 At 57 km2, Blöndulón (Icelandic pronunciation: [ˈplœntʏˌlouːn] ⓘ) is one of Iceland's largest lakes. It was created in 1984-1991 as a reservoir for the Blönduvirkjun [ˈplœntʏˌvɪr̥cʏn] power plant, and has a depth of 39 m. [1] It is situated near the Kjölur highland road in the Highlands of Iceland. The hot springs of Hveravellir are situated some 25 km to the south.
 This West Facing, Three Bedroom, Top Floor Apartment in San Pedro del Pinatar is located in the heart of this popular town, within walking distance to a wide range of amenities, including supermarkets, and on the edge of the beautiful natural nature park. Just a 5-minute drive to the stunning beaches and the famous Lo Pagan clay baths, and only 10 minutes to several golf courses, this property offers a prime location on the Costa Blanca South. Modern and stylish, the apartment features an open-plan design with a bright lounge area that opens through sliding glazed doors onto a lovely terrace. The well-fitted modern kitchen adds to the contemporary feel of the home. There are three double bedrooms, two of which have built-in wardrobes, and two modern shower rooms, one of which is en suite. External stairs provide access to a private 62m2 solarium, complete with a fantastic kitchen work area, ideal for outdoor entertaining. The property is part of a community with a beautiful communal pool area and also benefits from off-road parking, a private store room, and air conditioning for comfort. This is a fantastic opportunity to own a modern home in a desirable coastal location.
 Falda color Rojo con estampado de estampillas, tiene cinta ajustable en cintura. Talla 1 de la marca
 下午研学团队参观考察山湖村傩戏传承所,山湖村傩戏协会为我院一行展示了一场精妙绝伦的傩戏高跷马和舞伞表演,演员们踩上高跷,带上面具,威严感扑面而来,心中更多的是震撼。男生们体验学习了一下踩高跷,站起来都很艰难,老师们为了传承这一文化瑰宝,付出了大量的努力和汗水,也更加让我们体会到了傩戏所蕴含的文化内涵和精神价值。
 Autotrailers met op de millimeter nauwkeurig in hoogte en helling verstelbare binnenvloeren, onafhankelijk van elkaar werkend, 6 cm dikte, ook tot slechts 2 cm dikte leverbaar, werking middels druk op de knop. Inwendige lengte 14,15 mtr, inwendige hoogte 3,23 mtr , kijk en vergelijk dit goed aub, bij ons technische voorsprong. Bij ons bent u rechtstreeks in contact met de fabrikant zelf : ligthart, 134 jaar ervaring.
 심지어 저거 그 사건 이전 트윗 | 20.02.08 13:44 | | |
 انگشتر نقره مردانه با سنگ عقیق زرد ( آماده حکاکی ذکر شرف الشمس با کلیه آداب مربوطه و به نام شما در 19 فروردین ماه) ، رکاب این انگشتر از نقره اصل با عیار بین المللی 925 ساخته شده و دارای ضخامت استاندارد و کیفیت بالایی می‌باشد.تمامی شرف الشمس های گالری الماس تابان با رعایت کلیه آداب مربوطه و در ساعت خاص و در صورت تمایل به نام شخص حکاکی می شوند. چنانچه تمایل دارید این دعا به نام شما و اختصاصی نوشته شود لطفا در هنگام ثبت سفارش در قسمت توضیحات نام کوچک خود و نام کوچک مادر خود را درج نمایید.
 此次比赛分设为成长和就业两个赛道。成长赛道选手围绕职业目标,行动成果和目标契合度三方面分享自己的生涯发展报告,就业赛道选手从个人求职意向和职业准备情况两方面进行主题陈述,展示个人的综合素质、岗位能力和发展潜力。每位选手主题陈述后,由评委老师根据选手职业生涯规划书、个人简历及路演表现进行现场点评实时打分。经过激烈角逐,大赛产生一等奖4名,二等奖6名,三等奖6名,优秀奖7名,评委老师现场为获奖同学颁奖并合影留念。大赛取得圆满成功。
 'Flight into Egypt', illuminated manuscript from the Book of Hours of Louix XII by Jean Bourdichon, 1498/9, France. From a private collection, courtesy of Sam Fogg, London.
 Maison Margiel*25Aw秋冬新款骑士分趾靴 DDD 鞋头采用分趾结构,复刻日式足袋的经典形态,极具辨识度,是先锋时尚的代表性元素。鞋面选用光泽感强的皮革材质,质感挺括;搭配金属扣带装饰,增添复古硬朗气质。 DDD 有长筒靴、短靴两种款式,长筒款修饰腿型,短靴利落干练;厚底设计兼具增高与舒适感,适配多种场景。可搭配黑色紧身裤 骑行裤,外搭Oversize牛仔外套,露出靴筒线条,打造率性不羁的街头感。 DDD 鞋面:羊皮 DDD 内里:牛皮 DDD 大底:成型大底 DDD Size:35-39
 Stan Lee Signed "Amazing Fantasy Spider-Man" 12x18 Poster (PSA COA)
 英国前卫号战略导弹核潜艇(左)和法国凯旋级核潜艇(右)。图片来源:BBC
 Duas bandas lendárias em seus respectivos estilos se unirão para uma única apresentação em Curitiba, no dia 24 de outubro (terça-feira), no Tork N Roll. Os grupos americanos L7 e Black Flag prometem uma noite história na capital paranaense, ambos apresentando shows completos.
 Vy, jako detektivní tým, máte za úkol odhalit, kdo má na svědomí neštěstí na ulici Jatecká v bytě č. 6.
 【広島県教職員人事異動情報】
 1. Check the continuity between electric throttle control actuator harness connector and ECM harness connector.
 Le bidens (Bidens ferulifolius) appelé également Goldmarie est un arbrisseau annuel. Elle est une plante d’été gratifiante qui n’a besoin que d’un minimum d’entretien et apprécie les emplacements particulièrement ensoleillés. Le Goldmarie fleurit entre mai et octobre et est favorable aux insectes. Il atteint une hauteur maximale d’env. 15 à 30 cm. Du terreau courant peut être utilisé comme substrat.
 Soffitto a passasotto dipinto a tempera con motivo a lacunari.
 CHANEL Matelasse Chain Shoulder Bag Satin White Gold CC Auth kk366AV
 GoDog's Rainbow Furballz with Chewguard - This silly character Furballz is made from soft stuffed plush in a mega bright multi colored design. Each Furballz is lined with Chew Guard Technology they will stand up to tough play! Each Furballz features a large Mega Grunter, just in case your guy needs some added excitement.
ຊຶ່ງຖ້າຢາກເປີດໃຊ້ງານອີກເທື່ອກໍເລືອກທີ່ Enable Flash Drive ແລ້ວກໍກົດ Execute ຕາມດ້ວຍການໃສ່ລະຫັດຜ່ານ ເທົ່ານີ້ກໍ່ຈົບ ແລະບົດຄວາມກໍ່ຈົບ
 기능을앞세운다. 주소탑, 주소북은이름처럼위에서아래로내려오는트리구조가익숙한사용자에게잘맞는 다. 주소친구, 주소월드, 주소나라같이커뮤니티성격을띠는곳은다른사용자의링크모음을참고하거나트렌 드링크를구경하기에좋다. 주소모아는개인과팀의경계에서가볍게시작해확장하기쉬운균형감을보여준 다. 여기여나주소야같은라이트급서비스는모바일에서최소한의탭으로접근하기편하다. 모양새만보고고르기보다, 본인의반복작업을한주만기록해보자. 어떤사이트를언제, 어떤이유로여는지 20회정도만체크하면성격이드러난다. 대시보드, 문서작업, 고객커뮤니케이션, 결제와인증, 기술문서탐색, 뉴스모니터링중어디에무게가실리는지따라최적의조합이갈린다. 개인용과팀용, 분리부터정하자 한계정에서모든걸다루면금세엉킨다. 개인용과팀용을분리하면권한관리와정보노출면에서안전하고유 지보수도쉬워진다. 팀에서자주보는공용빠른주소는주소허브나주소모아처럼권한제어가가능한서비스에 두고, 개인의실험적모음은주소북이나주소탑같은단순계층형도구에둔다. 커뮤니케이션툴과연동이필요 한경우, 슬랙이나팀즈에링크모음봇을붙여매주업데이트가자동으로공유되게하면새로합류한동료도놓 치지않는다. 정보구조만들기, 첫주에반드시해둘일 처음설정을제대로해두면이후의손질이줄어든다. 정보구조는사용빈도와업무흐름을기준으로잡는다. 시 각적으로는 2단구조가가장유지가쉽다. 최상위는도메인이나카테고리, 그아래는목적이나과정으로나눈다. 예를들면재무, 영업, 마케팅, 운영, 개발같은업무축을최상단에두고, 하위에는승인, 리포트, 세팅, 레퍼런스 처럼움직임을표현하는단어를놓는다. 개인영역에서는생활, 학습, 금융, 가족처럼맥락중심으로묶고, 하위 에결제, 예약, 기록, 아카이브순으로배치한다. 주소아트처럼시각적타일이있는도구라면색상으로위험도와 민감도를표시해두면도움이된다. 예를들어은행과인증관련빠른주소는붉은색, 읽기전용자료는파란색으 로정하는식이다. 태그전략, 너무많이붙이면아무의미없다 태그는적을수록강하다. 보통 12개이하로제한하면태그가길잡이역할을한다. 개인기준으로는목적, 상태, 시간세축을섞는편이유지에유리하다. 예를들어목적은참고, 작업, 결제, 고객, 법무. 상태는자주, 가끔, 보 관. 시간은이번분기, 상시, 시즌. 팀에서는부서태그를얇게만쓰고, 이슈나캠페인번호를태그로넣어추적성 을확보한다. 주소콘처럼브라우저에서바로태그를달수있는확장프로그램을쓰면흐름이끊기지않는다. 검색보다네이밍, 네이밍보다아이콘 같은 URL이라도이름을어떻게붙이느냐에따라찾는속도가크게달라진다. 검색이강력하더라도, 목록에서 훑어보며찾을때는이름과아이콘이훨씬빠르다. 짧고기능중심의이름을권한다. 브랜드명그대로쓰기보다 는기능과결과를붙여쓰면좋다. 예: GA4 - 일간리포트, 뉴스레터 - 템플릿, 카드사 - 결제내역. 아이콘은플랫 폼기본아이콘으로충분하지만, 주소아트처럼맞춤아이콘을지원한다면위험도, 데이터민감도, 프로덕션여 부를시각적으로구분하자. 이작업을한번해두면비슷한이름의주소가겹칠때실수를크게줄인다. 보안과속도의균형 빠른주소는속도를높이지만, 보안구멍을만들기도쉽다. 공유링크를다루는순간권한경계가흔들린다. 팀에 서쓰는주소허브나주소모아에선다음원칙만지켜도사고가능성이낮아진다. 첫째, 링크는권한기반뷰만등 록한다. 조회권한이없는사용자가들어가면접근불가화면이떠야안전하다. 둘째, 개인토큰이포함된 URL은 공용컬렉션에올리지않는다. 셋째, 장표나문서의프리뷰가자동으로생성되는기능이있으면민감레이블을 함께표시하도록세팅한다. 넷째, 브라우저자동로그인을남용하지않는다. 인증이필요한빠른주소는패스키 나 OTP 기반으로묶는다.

- - - - - - -

§ WORK ITEM:
Scan the entries above for the string "some" and copy each line that contains it.

§ RESPONSE TO THIS EXERCISE:
 At 57 km2, Blöndulón (Icelandic pronunciation: [ˈplœntʏˌlouːn] ⓘ) is one of Iceland's largest lakes. It was created in 1984-1991 as a reservoir for the Blönduvirkjun [ˈplœntʏˌvɪr̥cʏn] power plant, and has a depth of 39 m. [1] It is situated near the Kjölur highland road in the Highlands of Iceland. The hot springs of Hveravellir are situated some 25 km to the south.
 GoDog's Rainbow Furballz with Chewguard - This silly character Furballz is made from soft stuffed plush in a mega bright multi colored design. Each Furballz is lined with Chew Guard Technology they will stand up to tough play! Each Furballz features a large Mega Grunter, just in case your guy needs some added excitement.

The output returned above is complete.